[Start of section]

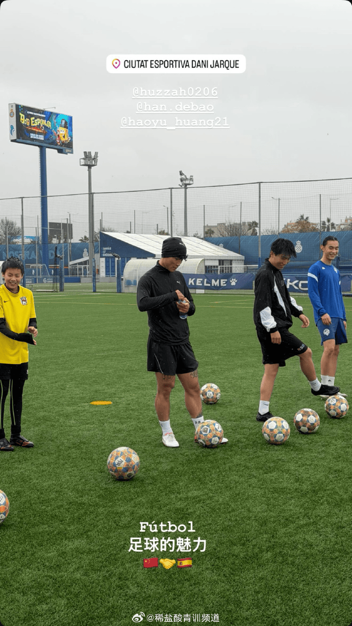 該博主寫(xiě)道:謝文能現身西班牙人訓練基地,板謝包括2008年齡段韓德寶在內的現身西班多名中國小球員一同訓練。
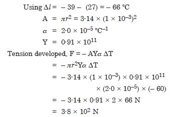 A brass wire 1·8 m long at 27 C is held when taut with little tension between two rigid supports. If the wire is cooled to a temperature – 39 C, what is the tension developed in the wire, if its diameter is 2·0 mm ? Coefficient of linear expansion of brass = 2·0 × 10–5 C–1, Young’s modulus of brass = 0·91 × 1011Pa.
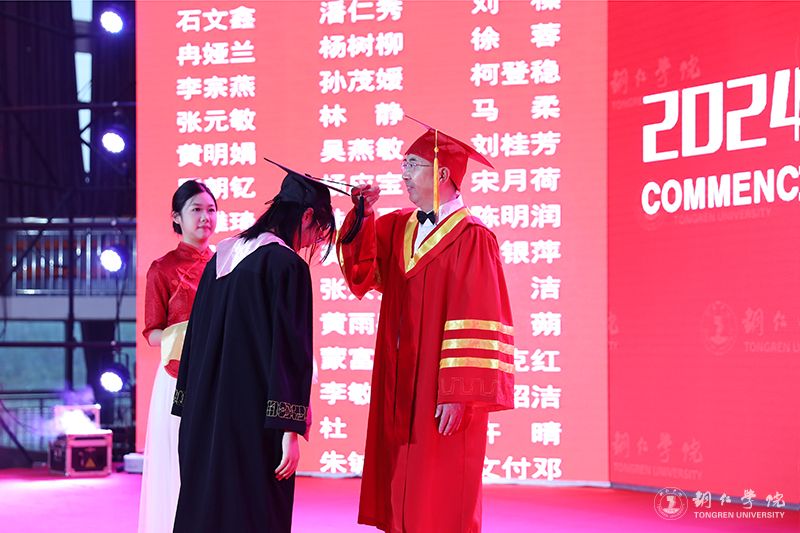 典礼上,朱克乾代表学校向同学们表示热烈的祝贺,向辛勤培育同学们的父母和各位老师致以衷心的感谢。他说,大学四年,同学们不断拼搏、历练和成长,用实际行动谱写着新时代的青春之歌。毕业季,是一个离别与祝福的季节,也是一个收获与感恩的时刻。毕业礼成,同学们就将踏上新旅程,奔赴新使命。他用三个“未来可期”,为同学们送上鼓励与祝福。未来可期,需要我们用拼搏持续淬炼自我。同学们在未来的人生新征程中,要始终牢记习近平总书记“坚持拼字当头,敢于拼搏、善于拼搏”的殷切期望,以“千磨万击还坚劲”的顽强,在大潮奔涌的新时代洪流中激越高歌。未来可期,需要我们用拼搏自觉勇担重任。同学们在未来前行的路上,要以“自信人生二百年,会当水击三千里”的豪迈,勇挑时代重任,在波澜壮阔的新时代画卷中,奏响激昂澎湃的青春乐章。未来可期,需要我们用拼搏深入涵养家国情怀。同学们在可期的未来,要永葆“国之大者”的深厚情怀,紧跟中华民族伟大复兴的时代强音,传承“位卑未敢忘忧国”的情怀,谱写好家国合奏的时代交响曲,共岁月峥嵘、留历史回响。

[End of section]

# How to complete this task:
Before you return the listing exactly, strip out its pictures.

# Response:
 該博主寫(xiě)道:謝文能現身西班牙人訓練基地,板謝包括2008年齡段韓德寶在內的現身西班多名中國小球員一同訓練。
 A brass wire 1·8 m long at 27 C is held when taut with little tension between two rigid supports. If the wire is cooled to a temperature – 39 C, what is the tension developed in the wire, if its diameter is 2·0 mm ? Coefficient of linear expansion of brass = 2·0 × 10–5 C–1, Young’s modulus of brass = 0·91 × 1011Pa.
 典礼上,朱克乾代表学校向同学们表示热烈的祝贺,向辛勤培育同学们的父母和各位老师致以衷心的感谢。他说,大学四年,同学们不断拼搏、历练和成长,用实际行动谱写着新时代的青春之歌。毕业季,是一个离别与祝福的季节,也是一个收获与感恩的时刻。毕业礼成,同学们就将踏上新旅程,奔赴新使命。他用三个“未来可期”,为同学们送上鼓励与祝福。未来可期,需要我们用拼搏持续淬炼自我。同学们在未来的人生新征程中,要始终牢记习近平总书记“坚持拼字当头,敢于拼搏、善于拼搏”的殷切期望,以“千磨万击还坚劲”的顽强,在大潮奔涌的新时代洪流中激越高歌。未来可期,需要我们用拼搏自觉勇担重任。同学们在未来前行的路上,要以“自信人生二百年,会当水击三千里”的豪迈,勇挑时代重任,在波澜壮阔的新时代画卷中,奏响激昂澎湃的青春乐章。未来可期,需要我们用拼搏深入涵养家国情怀。同学们在可期的未来,要永葆“国之大者”的深厚情怀,紧跟中华民族伟大复兴的时代强音,传承“位卑未敢忘忧国”的情怀,谱写好家国合奏的时代交响曲,共岁月峥嵘、留历史回响。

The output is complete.